The United Nations secretary general, António Guterres, on Monday issued a blistering critique of the world’s failure to rein in global warming, calling on countries to return every year to review their climate targets — not every five years, as the Paris climate agreement spells out.

“Even if the recent pledges were clear and credible — and there are serious questions about some of them — we are still careening towards climate catastrophe,” he said at the opening ceremony of COP26, the U.N. climate summit in Glasgow.

“Enough of burning and drilling and mining our way deeper,” he said. “We are digging our own graves.”

He was referring to analyses that have found that even if all countries meet their national targets to slow down emissions, the global average temperature is projected to rise 2.7 degrees Celsius by the end of this century compared with preindustrial times. That would put the world on a path to more intense heat, fires and flooding.

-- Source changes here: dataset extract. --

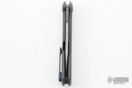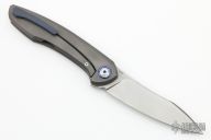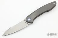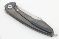 This Russkiy from Alexander Cheburkov features a matte finished blade with swedge, notched thumb rest and flipper. The handle has a tumbled titanium frame with an anodized titanium backspacer, pivot collars and tip up clip with hidden screws. Includes original box and papers. Rides on bearings, nice detent, lockup and blade seating. Has stainless lock insert. Lanyard pin at the butt. Excellent condition.

Scientists have concluded that the best way to avert the worst consequences of climate change is to limit temperature rise to 1.5 degrees Celsius.

Mr. Guterres’ call for yearly reviews is being pushed by a group of countries that are most vulnerable to climate change, but it is expected to face major pushback from many countries that will argue that it moves the goal posts of the 2015 Paris agreement.

Mr. Guterres said these annual reviews should be conducted until the world as a whole can meet the 1.5-degree target. And he also raised the bar with specific demands, including an end to subsidies for fossil fuels, a price on carbon dioxide emissions and a phasing out of coal.

There is no agreement among the world’s major polluters on any of that. Even as recently as Sunday, leaders of the Group of 20 wealthy nations — which produce 80 percent of the world’s emissions, led by the United States, China and European Union countries — emerged from a summit in Rome with an agreement only to end overseas funding for coal.